University Buildings
Cold, muddy field
another day of rain,
slow walking, at my age
short of joy, again.
I keep my dog on a short leash
(it’s bad for her
to socialize with others.)
The sun is a hazy dish,
university buildings
on the horizon— system
I blame for the sunk
feeling I can’t shake.
My dog’s eyes are humble
corridors of experience,
and she pulls hard to play
with the sheepdogs
circling across the fence.
She measures her steps,
after my violent reprimand.
There’s no hope of her
running, or of me
speaking to the dog-owner
about the weather,
or the beauty of her three
wild herders. “They’re dirty,”
I whisper to myself.
She sees me from afar,
gives a smile that hurts.
I think of the knife
my wife brought back
from Alaska (an Eskimo
story-blade, made of walrus
bone and whale baleen)
I picture a tribal elder
bending to smooth
muddy ground, beginning
to draw the form of a hunter
who, out of anger, kills
a raven. The raven
stole his best cuts of seal,
ate all his ripe, freshly
picked salmonberries,
squawked and squawked
while he slept. “But you
shouldn’t try to catch
a raven,” glancing up,
the old Eskimo says;
and I watch my dog’s tail
dance with the others
like the top of a small flame.
Near Dawn
You say it’s my perception: an illusion of a world
on the skin of an aging river, a fantasy that deters
the river from reaching the end of its vast journey.
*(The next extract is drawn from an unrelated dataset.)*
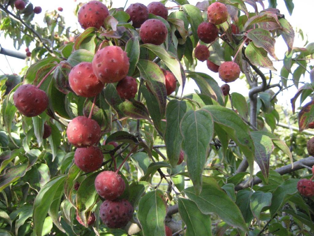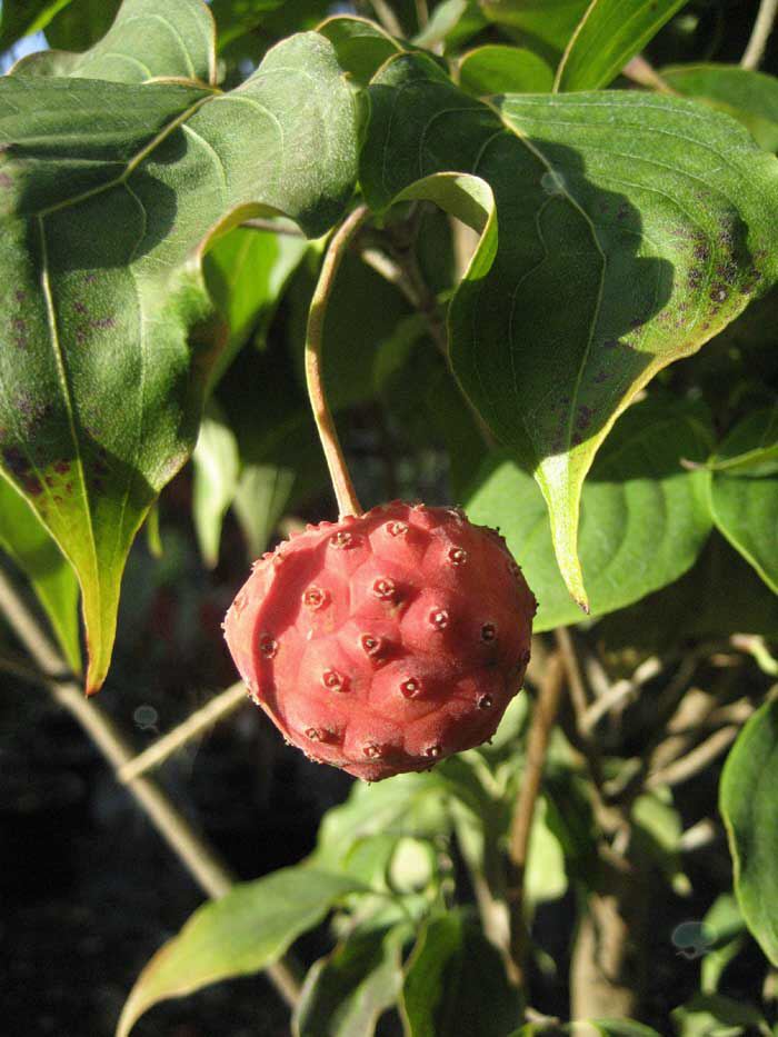 Chinesischer Blumen-Hartriegel 5-7m, breiter aufrechter Wuchs, Blatt: grün, leuchtendrote Herbstfärbung, Blüte: weisse Hochblätter, Juni, erdbeerartige Frucht, essbar, frische, saure Böden.

I took your hand. We entered Monet’s Grand Canal.
You said the color was dawn, I said it was twilight.
You agreed to commit, but I lingered in the process.
On our way back down the foggy hills, we told all
we’ve never had the guts to tell. And in the city,
we dared each other to do something embarrassing.
I’ve known for some time, though never been sure
love thrives only in those who change to carry on.
Now dawn, and all at once, the birds begin their trill.
Small Garden
If I could stay still,
quiet for a few minutes,
a rose hanging in mid-air,
suspended by the living
stem, I would hear
the unforgiving buzz
of the worker bees.
I would starve less,
be fed by their honey,
fruit of their toil,
if I could stop to hear
and believe in their
buzzing.
Beggar
You know you’ve entered
some kind of experience
when you feel like a beggar
as life intercedes with life,
its matrimonial byways,
its rituals of quotidian labor.
Suspended above the squalor
of past, the bureaucracy
of present, the autocracy
of future, extraordinary
as Satan in the last canto
of Dante’s infernal poem.
Outside providence, and almost alive.
Standing Before What Must Fall
I’m trying hard to be a man
to reach a woman. I can’t breathe
from trying to clear the timberline.
I want my hands to get me there with thoughts,
but my thoughts are not hands.
The evergreen falls, and when it falls
oh that’s the greatest joy!
Conscience turns a blind eye, and the lumberjack returns home
having done what makes the fire smoke
after burning.
Beleaguered, I am that lumberjack
with no other employment but to fight the evergreen.
I will loosen his conscience.
“It might make somebody a good home someday,” I think.
“Is it an emergency to sway?”
It’s an empty thing to stand before what must fall,
ax in hand, swaying, not knowing how, or where
to make the first wound to end the breathing.
But I know it must start with the hands.